The bill relies heavily on 'admissions' and imported statutory definitions rather than creating new federal offenses. That creates a set of implementation questions.
First, admissions in immigration interviews, credible-fear screenings, or collateral contexts are measured against criminal elements designed for state prosecutions; immigration adjudicators will need procedures to evaluate whether a statement actually establishes the 'essential elements' of a listed offense. Second, the Adam Walsh definition and the VCCLEA domestic-violence definition vary in scope from state statutes; jurisdictional differences in how crimes are labeled, plea bargains are recorded, or juvenile adjudications are handled will generate fact-specific litigation over whether an offense 'constitutes' the listed category.
The bill also risks chilling interactions with law enforcement and support providers. Victims or domestic-violence survivors who are noncitizens might avoid reporting abuse or seeking protection orders if doing so could produce statements or convictions that trigger inadmissibility or removal.

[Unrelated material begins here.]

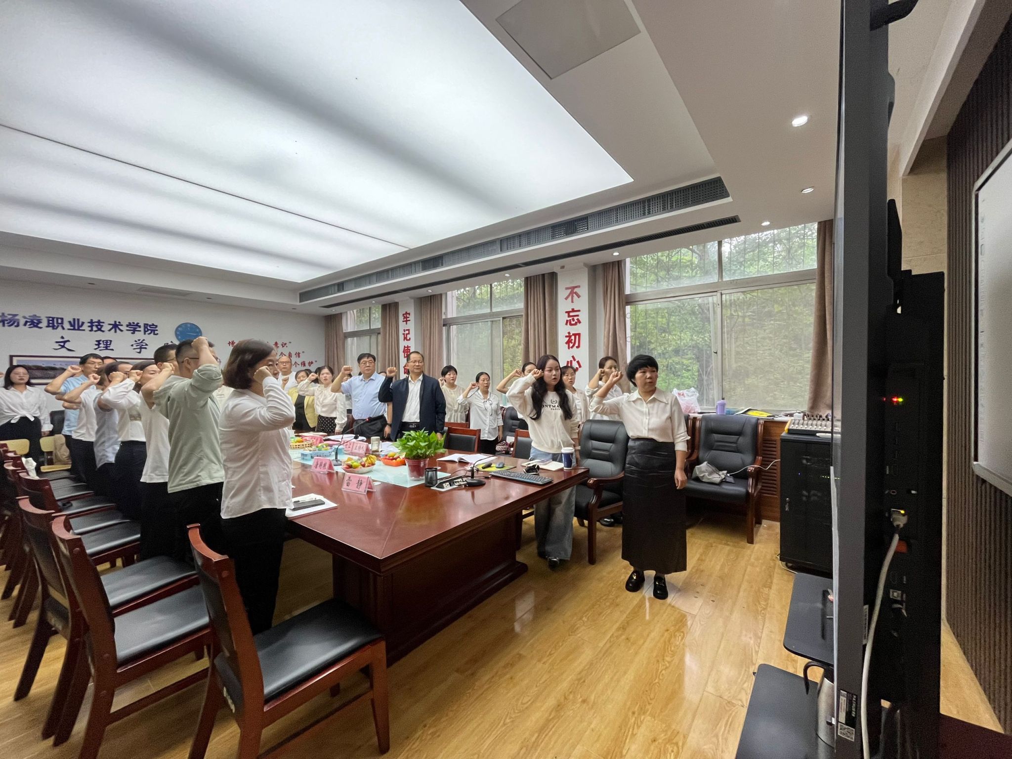 会议在庄严的国歌声中拉开帷幕,全体教师庄严宣誓,铿锵誓言彰显了投身教育事业的坚定信念。与会教师共同观看了《弘扬教育家精神》宣传片,深入了解“最美教师”邓滢教授扎根西部教育三十载的感人事迹,以及叶嘉莹先生“以诗传灯”的文化传承精神。“光荣从教30年”教师和中青年教师代表,分别围绕坚守教育初心、新时代教师角色转型、课程思政创新实践等主题交流发言。

Likewise, expanding grounds without adjusting relief mechanisms (the text here does not create new exemptions or carveouts) could produce harsh outcomes where criminal justice responses intersect with immigration enforcement. Finally, the administrative burden is nontrivial: DHS and immigration courts will face more contested fact-finding about out-of-jurisdiction convictions, the adequacy of documentary proof of convictions, and the weight to give admissions versus convictions — all requiring updated guidance, training, and likely additional resources.